PROBLEM DESCRIPTION.
Please return each entry exactly as it appears, but not the pictures.
Start of THE DATA
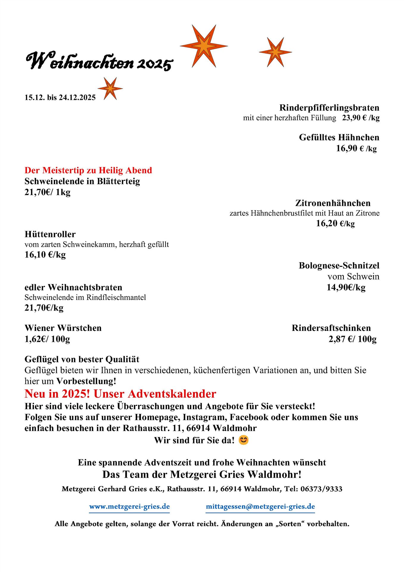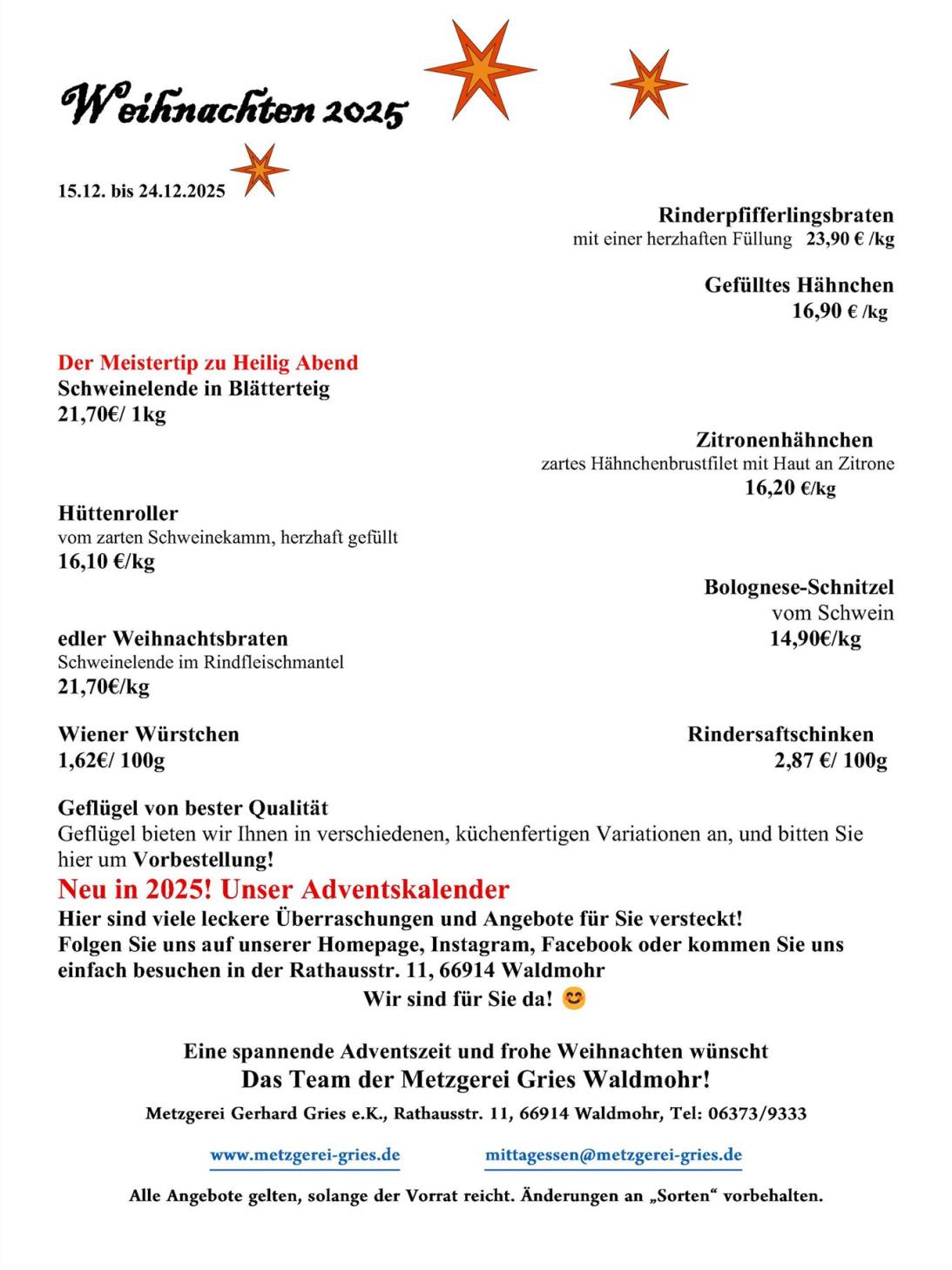 Rathausstraße 11 - 66914 Waldmohr Tel: 06373 - 9333 mittagessen@metzgerei-gries.de
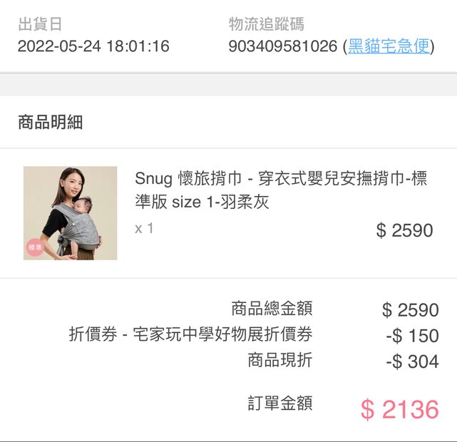 2. snug 馨力揚懷旅揹巾-羽柔灰,售出,寶寶現在愛走路不喜歡人揹著
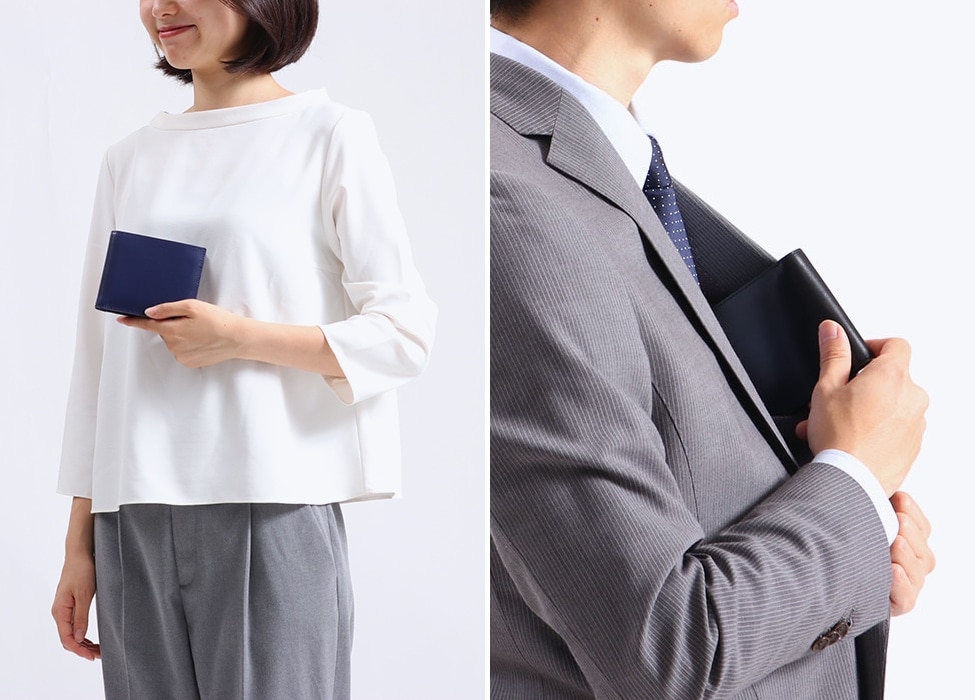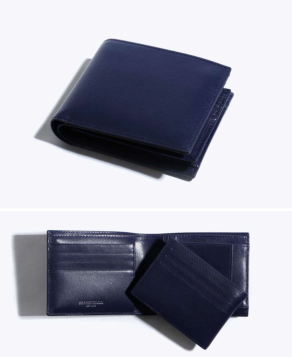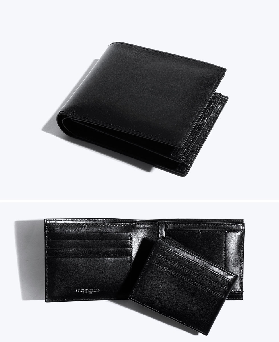 カード収納部分が脱着可能で財布とカードケースそれぞれ独立して使える二つ折り財布。艶やかなレザーを採用しシンプルに仕立てたミニマルなルックスです。使いやすさ抜群の収納設計と上品なルックスで、ご自身としてだけでなくギフトとしてもオススメです。
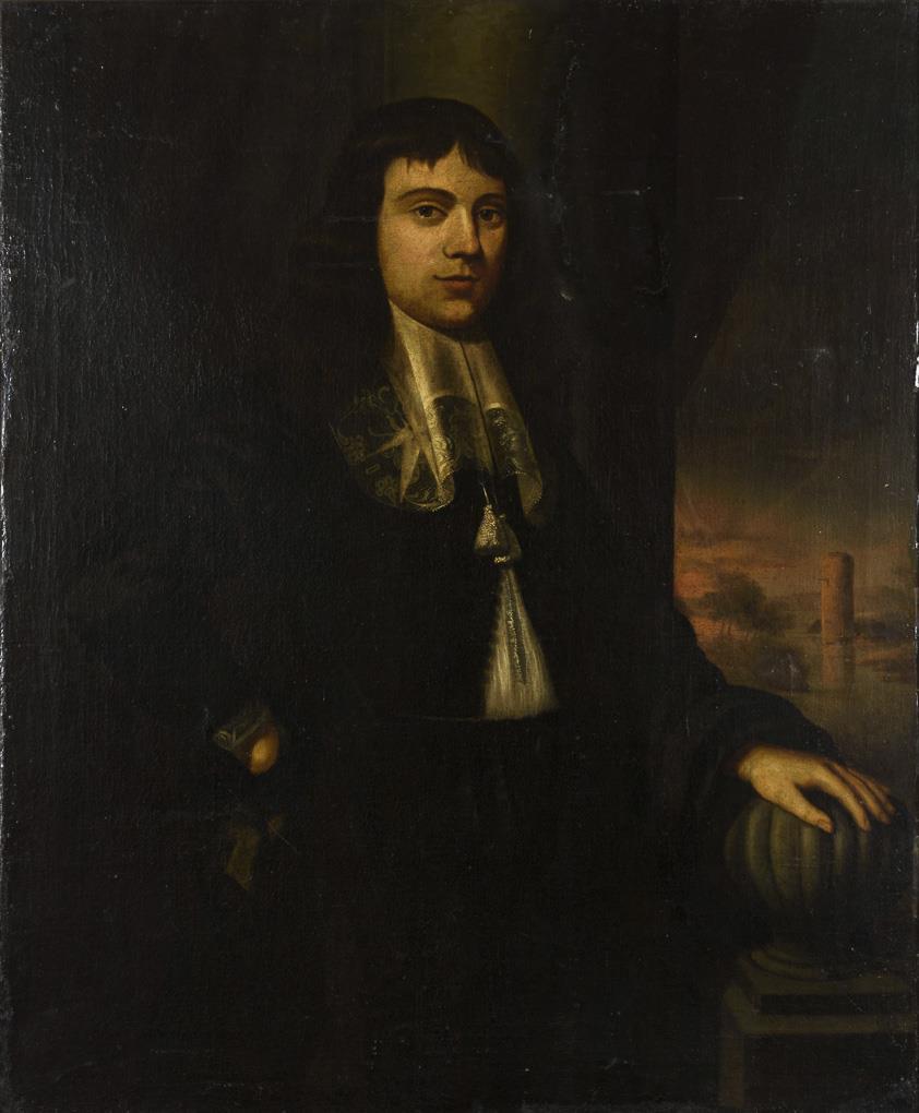 Porträt einer Dame im schwarzen Kleid mit weißer Spitze vor einer Balustrade mit Blick in eine bergige Abendlandschaft. Bildnis eines jungen Mannes in dunkler Kleidung mit Spitzenkragen auf einem Balkon mit Blick in eine abendliche Landschaft. Je Leinwand doubliert, Altersspuren.
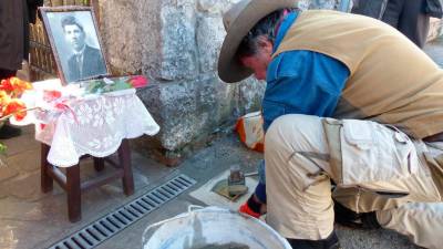 Gunter Demnig je prvi kamen spotike v Doberdobu postavil lani v spomin na Andreja Frandoliča (BUMBACA) Goriška V Doberdobu bodo postavili še tri kamne spotike Spletno uredništvo | 24. jan. 2019 | 9:15
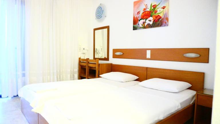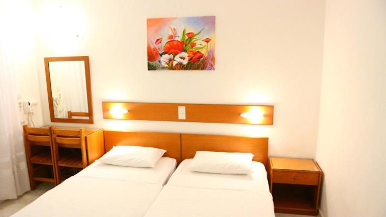Die Zimmer des Danae Hotels verfügen über ein eigenes Badezimmer, sind klimatisiert und mit einem Balkon ausgestattet. Zur Ausstattung gehören weiterhin eine Kaffeemaschine sowie Bettwäsche und Handtücher. Die Reinigung und Wäsche erfolgen nach den Richtlinien der örtlichen Behörden, um Hygiene und Sicherheit sicherzustellen.
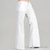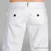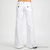 Слегка расклешенные книзу брюки из плотного хлопка. Застегивается на пуговицы. Два передних кармана, два задних с клапанами на пуговицах. Пояс и края карманов украшены декоративной прострочкой. Шлевки оформлены кружевом и клепками.
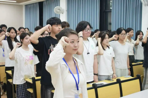 活动尾声,全体参会人员起立,高举右拳,在主持人的带领下庄严宣誓,铿锵有力的誓言响彻整个教学楼,传递出学生们抵制毒品、守护健康的坚定决心。宣誓结束后,工作人员播放禁毒视频,进一步巩固本次大赛的宣传教育效果。
End of THE DATA
RESULT OF THIS TASK.
 Rathausstraße 11 - 66914 Waldmohr Tel: 06373 - 9333 mittagessen@metzgerei-gries.de
 2. snug 馨力揚懷旅揹巾-羽柔灰,售出,寶寶現在愛走路不喜歡人揹著
 カード収納部分が脱着可能で財布とカードケースそれぞれ独立して使える二つ折り財布。艶やかなレザーを採用しシンプルに仕立てたミニマルなルックスです。使いやすさ抜群の収納設計と上品なルックスで、ご自身としてだけでなくギフトとしてもオススメです。
 Porträt einer Dame im schwarzen Kleid mit weißer Spitze vor einer Balustrade mit Blick in eine bergige Abendlandschaft. Bildnis eines jungen Mannes in dunkler Kleidung mit Spitzenkragen auf einem Balkon mit Blick in eine abendliche Landschaft. Je Leinwand doubliert, Altersspuren.
 Gunter Demnig je prvi kamen spotike v Doberdobu postavil lani v spomin na Andreja Frandoliča (BUMBACA) Goriška V Doberdobu bodo postavili še tri kamne spotike Spletno uredništvo | 24. jan. 2019 | 9:15
Die Zimmer des Danae Hotels verfügen über ein eigenes Badezimmer, sind klimatisiert und mit einem Balkon ausgestattet. Zur Ausstattung gehören weiterhin eine Kaffeemaschine sowie Bettwäsche und Handtücher. Die Reinigung und Wäsche erfolgen nach den Richtlinien der örtlichen Behörden, um Hygiene und Sicherheit sicherzustellen.
 Слегка расклешенные книзу брюки из плотного хлопка. Застегивается на пуговицы. Два передних кармана, два задних с клапанами на пуговицах. Пояс и края карманов украшены декоративной прострочкой. Шлевки оформлены кружевом и клепками.
 活动尾声,全体参会人员起立,高举右拳,在主持人的带领下庄严宣誓,铿锵有力的誓言响彻整个教学楼,传递出学生们抵制毒品、守护健康的坚定决心。宣誓结束后,工作人员播放禁毒视频,进一步巩固本次大赛的宣传教育效果。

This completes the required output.